• **WORK TASK**
Start at the line with "The CAC China AZ-17 Arizona Ventura Mug is an" in the records below, stop at the line with "京極の鴨川を「だれもが気持ち", and return every line in that span exactly, the two end lines included.

• **TASK INPUT**

- - - - -

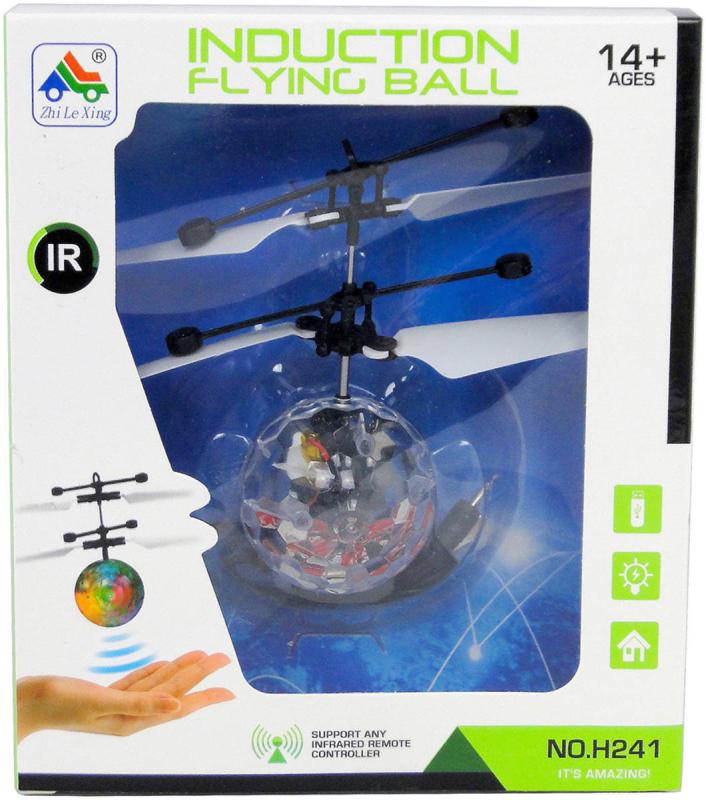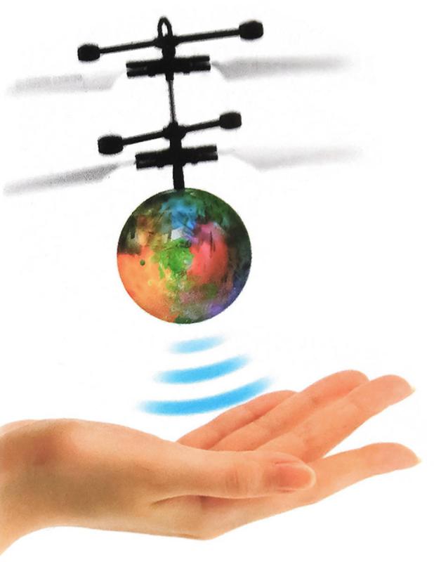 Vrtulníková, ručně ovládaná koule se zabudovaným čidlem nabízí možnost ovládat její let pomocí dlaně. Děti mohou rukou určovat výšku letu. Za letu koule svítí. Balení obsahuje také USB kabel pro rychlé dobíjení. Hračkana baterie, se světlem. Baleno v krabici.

- - - - -

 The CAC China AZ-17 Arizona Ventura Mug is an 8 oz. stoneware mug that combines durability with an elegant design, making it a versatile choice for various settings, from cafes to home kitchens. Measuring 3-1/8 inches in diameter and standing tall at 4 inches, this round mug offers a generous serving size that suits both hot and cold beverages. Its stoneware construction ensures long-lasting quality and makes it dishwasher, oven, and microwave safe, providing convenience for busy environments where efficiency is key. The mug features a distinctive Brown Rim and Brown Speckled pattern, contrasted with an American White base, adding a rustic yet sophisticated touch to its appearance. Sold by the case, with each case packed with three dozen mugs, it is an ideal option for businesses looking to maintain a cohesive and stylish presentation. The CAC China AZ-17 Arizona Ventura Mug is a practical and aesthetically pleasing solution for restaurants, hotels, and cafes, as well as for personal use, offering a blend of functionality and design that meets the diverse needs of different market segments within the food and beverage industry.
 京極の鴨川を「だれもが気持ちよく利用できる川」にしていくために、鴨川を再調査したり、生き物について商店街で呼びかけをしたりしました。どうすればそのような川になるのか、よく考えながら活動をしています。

- - - - -

• **WRITTEN REPLY**
 The CAC China AZ-17 Arizona Ventura Mug is an 8 oz. stoneware mug that combines durability with an elegant design, making it a versatile choice for various settings, from cafes to home kitchens. Measuring 3-1/8 inches in diameter and standing tall at 4 inches, this round mug offers a generous serving size that suits both hot and cold beverages. Its stoneware construction ensures long-lasting quality and makes it dishwasher, oven, and microwave safe, providing convenience for busy environments where efficiency is key. The mug features a distinctive Brown Rim and Brown Speckled pattern, contrasted with an American White base, adding a rustic yet sophisticated touch to its appearance. Sold by the case, with each case packed with three dozen mugs, it is an ideal option for businesses looking to maintain a cohesive and stylish presentation. The CAC China AZ-17 Arizona Ventura Mug is a practical and aesthetically pleasing solution for restaurants, hotels, and cafes, as well as for personal use, offering a blend of functionality and design that meets the diverse needs of different market segments within the food and beverage industry.
 京極の鴨川を「だれもが気持ちよく利用できる川」にしていくために、鴨川を再調査したり、生き物について商店街で呼びかけをしたりしました。どうすればそのような川になるのか、よく考えながら活動をしています。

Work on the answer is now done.